§ **Task brief**
Leave the pictures out and quote only the lines from the one with "Dormitor Regal cu" down to the end of the listing below.

§ **Data extract**
= = = = = = =
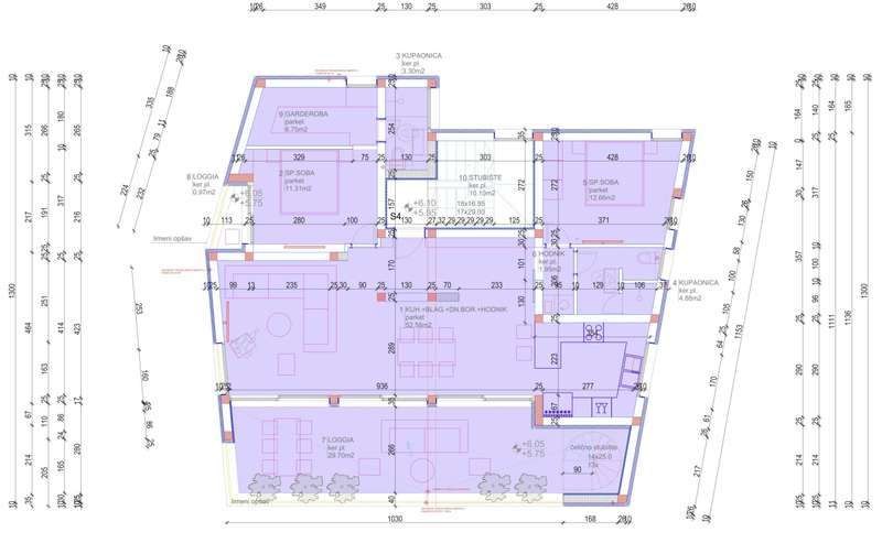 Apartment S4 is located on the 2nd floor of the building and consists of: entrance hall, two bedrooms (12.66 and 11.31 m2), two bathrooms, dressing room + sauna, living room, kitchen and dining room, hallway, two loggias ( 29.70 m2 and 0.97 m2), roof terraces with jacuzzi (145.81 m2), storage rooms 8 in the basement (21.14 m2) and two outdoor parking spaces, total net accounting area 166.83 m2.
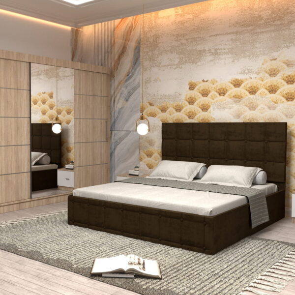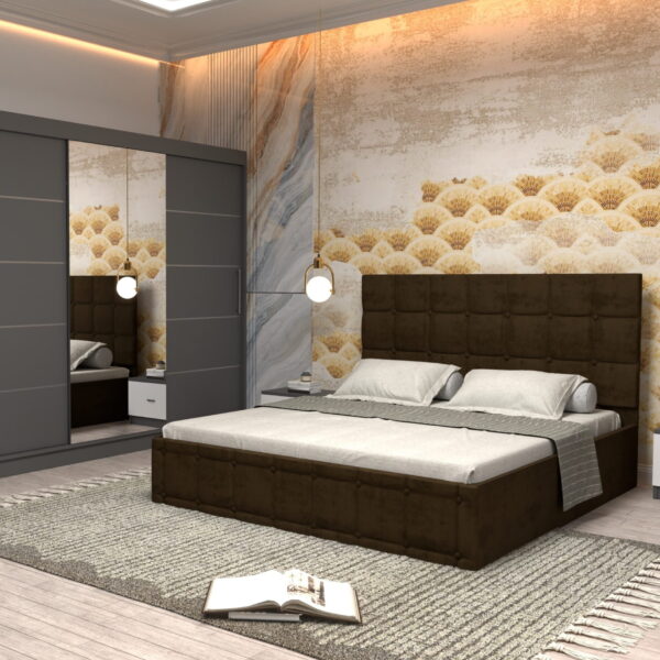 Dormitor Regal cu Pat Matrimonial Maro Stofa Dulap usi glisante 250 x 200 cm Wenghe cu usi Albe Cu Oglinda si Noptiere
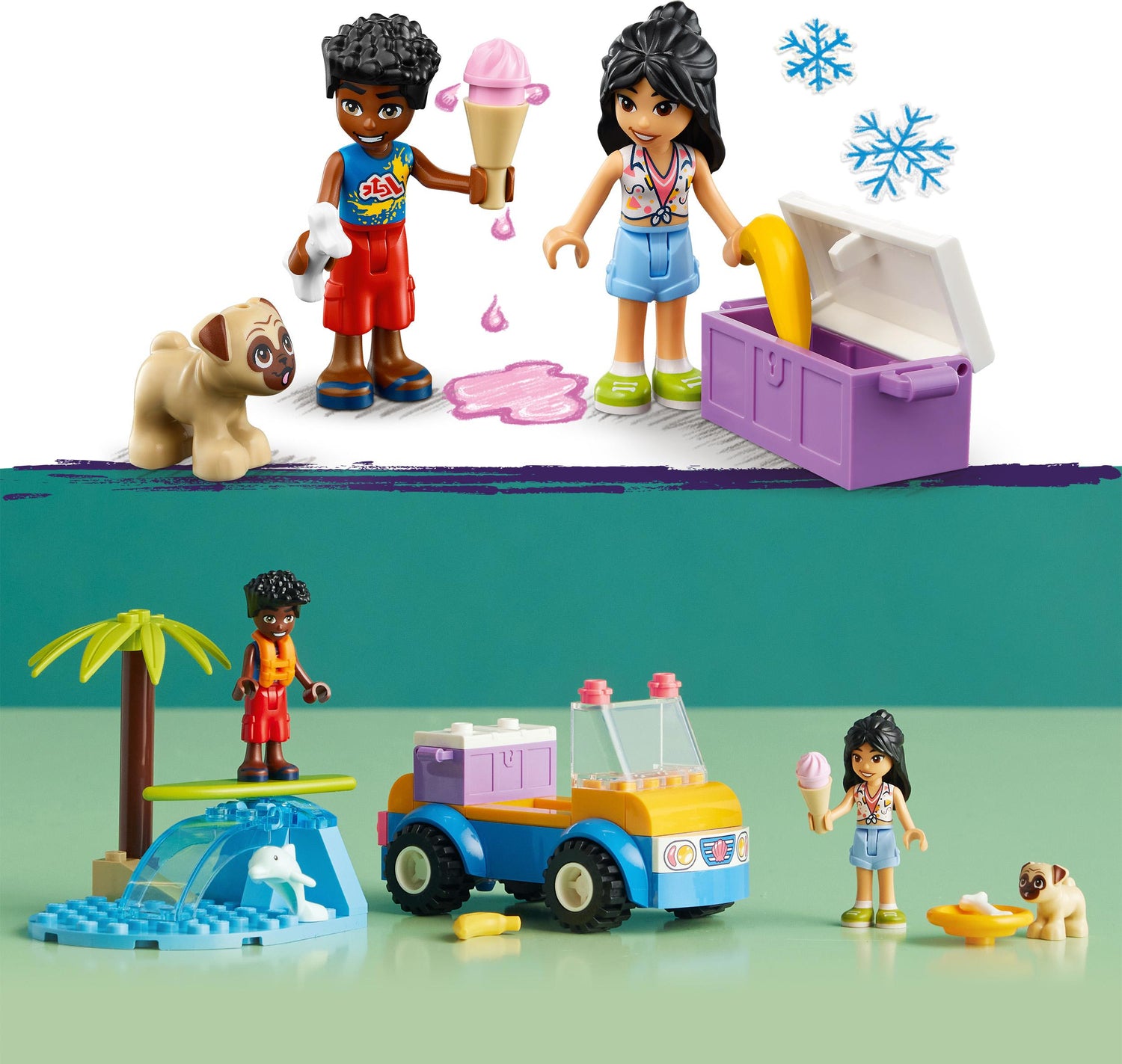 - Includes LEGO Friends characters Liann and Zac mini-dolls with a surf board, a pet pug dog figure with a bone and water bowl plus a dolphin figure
= = = = = = =
§ **Written reply**
 Dormitor Regal cu Pat Matrimonial Maro Stofa Dulap usi glisante 250 x 200 cm Wenghe cu usi Albe Cu Oglinda si Noptiere
 - Includes LEGO Friends characters Liann and Zac mini-dolls with a surf board, a pet pug dog figure with a bone and water bowl plus a dolphin figure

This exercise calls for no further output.